The "Wealth Tracker India 2026" by the Centre for Financial Accountability (CFA) and Tax the Top campaign reveals stark inequality. These ultra-rich, including Mukesh Ambani, Gautam Adani, Savitri Jindal, Sunil Mittal, and Shiv Nadar, control ₹166 lakh crore—nearly 50% of India's GDP.
India's billionaires jumped from 1 in 1991 to 358 by 2025. The top 1% share rose from 36.5% in 2019 to 40.1% in 2022, while the bottom 50% dipped from 6.8% to 6.4%. From 2019-2025, the ultra-rich count grew 77%, with wealth soaring 227% from ₹31 lakh crore to ₹88 lakh crore.
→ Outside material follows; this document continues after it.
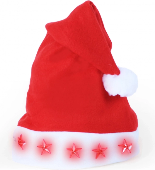 Denne originale julehat med blinkende stjerner giver dit outfit et legende, festligt pift. Den er lavet af let filt, behagelig at have på, og takket være den integrerede knap tænder du nemt LED-effekterne på et øjeblik.

Top families' wealth exploded nearly 400%: Ambani +153%, Adani +625%.
The report equates current inequality to "colonial times" and notes India's 2016 abolition of wealth tax, plus ₹19.6 lakh crore in corporate loan write-offs over 11 years. Ordinary taxpayers now shoulder more burden than big firms.
A 2% tax could fund free laptops for 1.85 crore Class 10 students from Ambani alone, two years' universal maternity support for 2.85 crore women, nationwide primary healthcare or 87 crore free LPG cylinders from Adani, and years of ST/SC scholarships from Jindal. It could boost health/education spending by 1% of GDP each and provide ₹12,000 monthly pensions to seniors—versus current ₹200 from the center.
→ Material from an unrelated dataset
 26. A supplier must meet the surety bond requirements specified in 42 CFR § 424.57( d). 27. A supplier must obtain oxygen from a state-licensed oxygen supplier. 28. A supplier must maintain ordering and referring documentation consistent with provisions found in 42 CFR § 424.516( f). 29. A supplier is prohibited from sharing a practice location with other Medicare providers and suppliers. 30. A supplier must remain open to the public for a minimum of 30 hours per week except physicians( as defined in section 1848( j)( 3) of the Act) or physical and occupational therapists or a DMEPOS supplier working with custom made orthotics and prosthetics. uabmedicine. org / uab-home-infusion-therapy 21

"This is a policy choice," the report states, citing G20 panelist Joseph Stiglitz. CFA's Anirban Bhattacharya highlighted "two Indias": soaring ultra-wealth vs. indebted masses. Tax the Top's Raj Shekhar decried "free passes for the super-rich." Researcher Jacob Joshy called inequality "normalised" but reversible via progressive taxes.
The campaign, backed by unions and civil society, pushes wealth and inheritance taxes for universal rights.